Exercise directions =
From the material below, retype exactly the lines that begin at the line with "ポータブル電源は高温下で性能" and end after the line with "Puxi's new EVA"; pictures stay out of the copy.

Material provided =
——

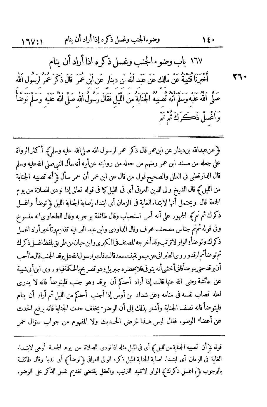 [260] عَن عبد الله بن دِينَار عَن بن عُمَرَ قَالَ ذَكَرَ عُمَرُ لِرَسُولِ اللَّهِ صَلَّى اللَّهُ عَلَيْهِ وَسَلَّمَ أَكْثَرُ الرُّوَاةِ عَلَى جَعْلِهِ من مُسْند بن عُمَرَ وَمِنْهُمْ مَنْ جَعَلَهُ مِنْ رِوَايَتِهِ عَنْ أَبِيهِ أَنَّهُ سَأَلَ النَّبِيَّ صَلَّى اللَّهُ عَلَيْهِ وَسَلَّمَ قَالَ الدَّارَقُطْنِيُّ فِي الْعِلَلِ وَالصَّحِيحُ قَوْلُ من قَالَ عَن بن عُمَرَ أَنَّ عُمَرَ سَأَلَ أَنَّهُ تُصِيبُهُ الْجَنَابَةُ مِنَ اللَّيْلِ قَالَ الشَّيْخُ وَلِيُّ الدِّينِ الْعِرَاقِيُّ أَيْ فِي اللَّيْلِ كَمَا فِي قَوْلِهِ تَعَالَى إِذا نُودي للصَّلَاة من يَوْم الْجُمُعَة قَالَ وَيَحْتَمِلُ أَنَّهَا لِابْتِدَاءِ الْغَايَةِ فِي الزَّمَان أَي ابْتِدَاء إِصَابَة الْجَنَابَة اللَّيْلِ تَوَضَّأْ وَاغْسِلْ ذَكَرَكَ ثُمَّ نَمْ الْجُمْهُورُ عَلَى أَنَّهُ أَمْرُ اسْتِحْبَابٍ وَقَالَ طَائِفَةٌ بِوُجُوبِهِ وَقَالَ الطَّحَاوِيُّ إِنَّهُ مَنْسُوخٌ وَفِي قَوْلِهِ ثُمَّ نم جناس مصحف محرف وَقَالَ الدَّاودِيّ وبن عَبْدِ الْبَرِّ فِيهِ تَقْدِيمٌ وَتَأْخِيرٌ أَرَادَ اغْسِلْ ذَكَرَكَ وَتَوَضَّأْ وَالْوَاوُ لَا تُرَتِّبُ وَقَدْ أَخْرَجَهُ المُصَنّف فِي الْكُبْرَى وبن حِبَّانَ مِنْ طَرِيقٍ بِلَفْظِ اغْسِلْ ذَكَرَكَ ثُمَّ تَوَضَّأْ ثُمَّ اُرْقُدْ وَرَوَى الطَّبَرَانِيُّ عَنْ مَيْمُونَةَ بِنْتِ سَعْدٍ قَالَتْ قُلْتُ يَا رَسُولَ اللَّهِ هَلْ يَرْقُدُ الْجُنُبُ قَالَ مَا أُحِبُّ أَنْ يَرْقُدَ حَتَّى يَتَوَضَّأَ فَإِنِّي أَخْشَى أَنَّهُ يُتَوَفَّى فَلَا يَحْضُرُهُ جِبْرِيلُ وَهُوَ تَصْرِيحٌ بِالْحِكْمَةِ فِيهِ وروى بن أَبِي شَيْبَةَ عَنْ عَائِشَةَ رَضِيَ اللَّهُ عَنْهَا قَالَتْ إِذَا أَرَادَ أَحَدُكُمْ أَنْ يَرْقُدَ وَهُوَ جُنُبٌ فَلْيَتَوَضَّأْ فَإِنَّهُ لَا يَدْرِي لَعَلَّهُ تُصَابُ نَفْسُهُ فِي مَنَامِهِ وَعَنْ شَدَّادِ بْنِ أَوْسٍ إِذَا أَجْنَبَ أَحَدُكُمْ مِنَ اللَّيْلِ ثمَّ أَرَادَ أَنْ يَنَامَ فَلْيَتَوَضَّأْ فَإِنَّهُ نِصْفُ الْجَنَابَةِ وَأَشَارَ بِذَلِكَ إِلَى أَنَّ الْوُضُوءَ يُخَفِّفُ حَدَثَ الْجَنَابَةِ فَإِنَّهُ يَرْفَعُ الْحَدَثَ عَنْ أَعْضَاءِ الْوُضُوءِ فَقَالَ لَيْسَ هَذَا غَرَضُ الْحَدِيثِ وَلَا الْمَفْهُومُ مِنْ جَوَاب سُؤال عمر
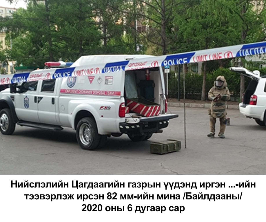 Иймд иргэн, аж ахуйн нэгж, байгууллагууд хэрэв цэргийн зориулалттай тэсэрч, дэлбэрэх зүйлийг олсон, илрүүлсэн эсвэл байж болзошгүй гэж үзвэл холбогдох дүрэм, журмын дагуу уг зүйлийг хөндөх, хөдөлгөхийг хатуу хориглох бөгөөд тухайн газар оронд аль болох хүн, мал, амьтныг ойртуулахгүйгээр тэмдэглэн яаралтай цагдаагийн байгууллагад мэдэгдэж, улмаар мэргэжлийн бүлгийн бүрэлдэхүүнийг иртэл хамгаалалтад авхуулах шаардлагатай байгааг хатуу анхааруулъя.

——

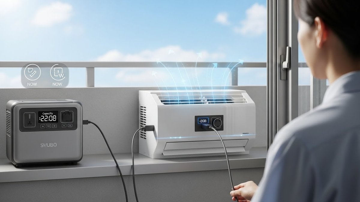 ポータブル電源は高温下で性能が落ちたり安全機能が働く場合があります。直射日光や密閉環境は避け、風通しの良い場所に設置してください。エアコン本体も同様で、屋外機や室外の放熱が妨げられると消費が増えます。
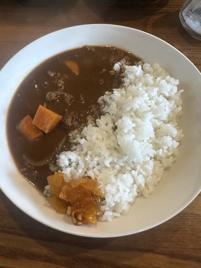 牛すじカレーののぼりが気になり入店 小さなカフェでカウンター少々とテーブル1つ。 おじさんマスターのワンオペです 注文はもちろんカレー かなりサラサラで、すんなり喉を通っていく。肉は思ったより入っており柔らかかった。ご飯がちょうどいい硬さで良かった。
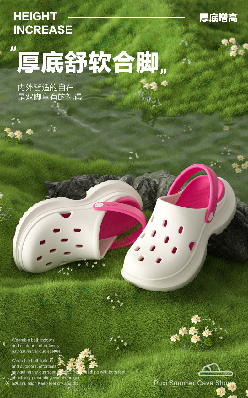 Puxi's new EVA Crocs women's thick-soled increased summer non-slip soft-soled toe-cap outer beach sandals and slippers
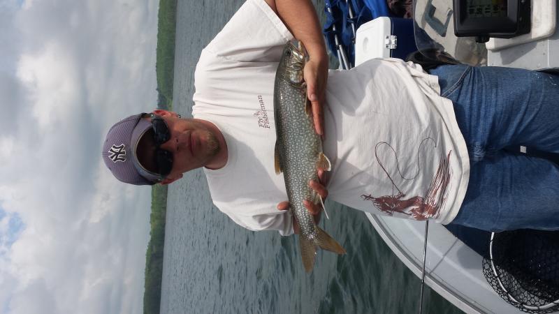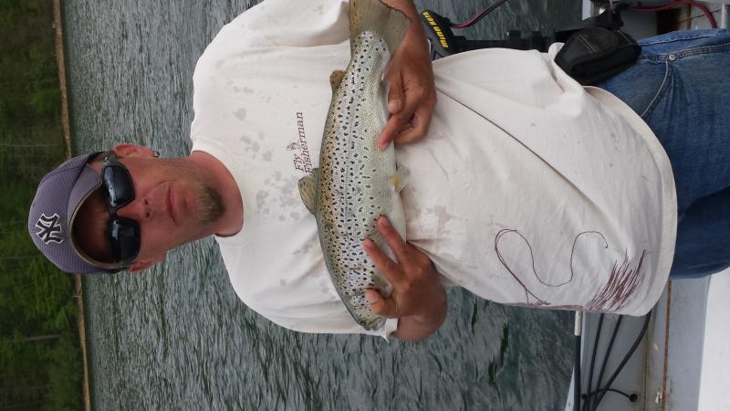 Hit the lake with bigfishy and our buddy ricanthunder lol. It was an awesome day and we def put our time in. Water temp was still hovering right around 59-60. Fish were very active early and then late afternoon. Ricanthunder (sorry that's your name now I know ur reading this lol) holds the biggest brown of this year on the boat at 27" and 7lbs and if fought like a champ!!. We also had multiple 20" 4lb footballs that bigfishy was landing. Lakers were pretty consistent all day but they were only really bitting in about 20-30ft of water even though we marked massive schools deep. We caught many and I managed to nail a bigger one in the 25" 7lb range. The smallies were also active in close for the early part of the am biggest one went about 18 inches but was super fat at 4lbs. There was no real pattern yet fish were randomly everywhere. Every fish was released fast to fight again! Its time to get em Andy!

——

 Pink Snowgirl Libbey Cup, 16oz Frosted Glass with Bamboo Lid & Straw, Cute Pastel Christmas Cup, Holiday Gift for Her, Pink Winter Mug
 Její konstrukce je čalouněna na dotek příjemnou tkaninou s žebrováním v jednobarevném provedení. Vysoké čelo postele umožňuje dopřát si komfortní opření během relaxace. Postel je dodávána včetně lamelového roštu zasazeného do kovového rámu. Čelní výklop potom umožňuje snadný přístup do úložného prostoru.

——

Result =
 ポータブル電源は高温下で性能が落ちたり安全機能が働く場合があります。直射日光や密閉環境は避け、風通しの良い場所に設置してください。エアコン本体も同様で、屋外機や室外の放熱が妨げられると消費が増えます。
 牛すじカレーののぼりが気になり入店 小さなカフェでカウンター少々とテーブル1つ。 おじさんマスターのワンオペです 注文はもちろんカレー かなりサラサラで、すんなり喉を通っていく。肉は思ったより入っており柔らかかった。ご飯がちょうどいい硬さで良かった。
 Puxi's new EVA Crocs women's thick-soled increased summer non-slip soft-soled toe-cap outer beach sandals and slippers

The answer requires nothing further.